Feature Request: Optimize Table Structure in Document Parsing for Better Token Efficiency

Currently, parsed documents containing tabular data (e.g., reports) are chunked and stored as raw HTML <table> elements. While this approach faithfully preserves complex table structures (e.g., merged cells, nested headers), it results in low data density—most tokens are spent reconstructing HTML markup rather than conveying actual content.
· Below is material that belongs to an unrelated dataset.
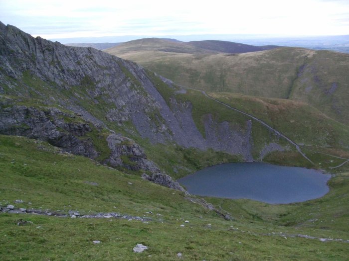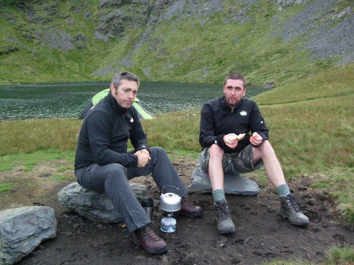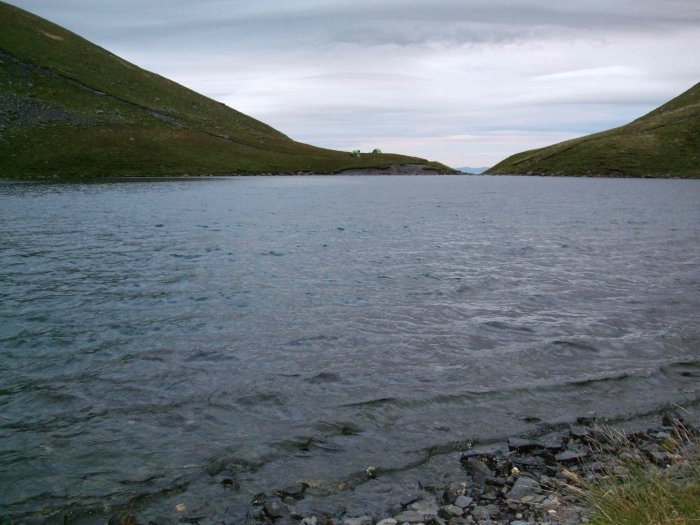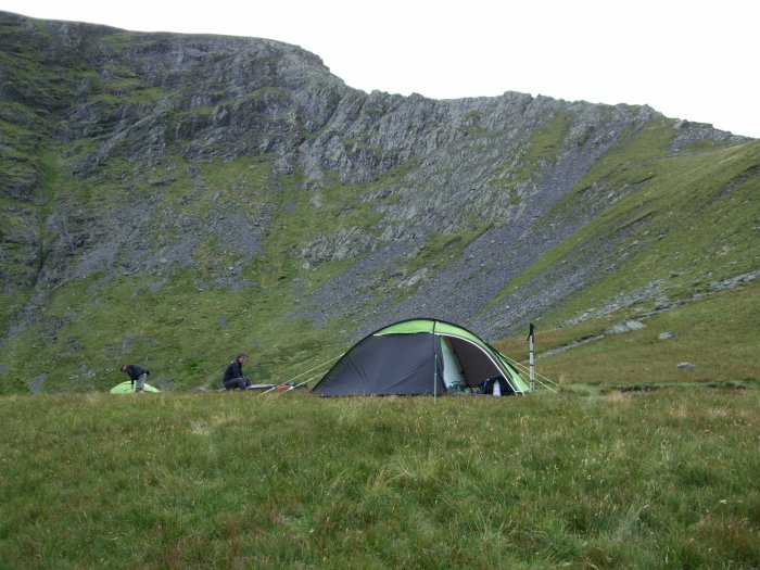 Looking down at Scales Tarn and our tents. Left:White Horse Bent - Right:Scales Fell

This introduces significant noise, especially for simple two-dimensional tables that could be more efficiently represented in denser formats like CSV or Markdown tables.

Proposal:

Introduce intelligent table serialization during document parsing:

For simple 2D tables (no merged cells, consistent structure): convert to a compact format such as CSV or Markdown to improve token efficiency and reduce noise.
For complex tables (merged cells, irregular layouts): retain HTML representation or explore alternative structured representations that balance fidelity and density.
This would allow the system to adapt its output format based on table complexity, optimizing downstream processing (e.g., LLM consumption, embedding, retrieval) without sacrificing the ability to handle sophisticated layouts.

We’d appreciate community input on strategies for detecting table complexity and alternative compact representations for non-trivial tables.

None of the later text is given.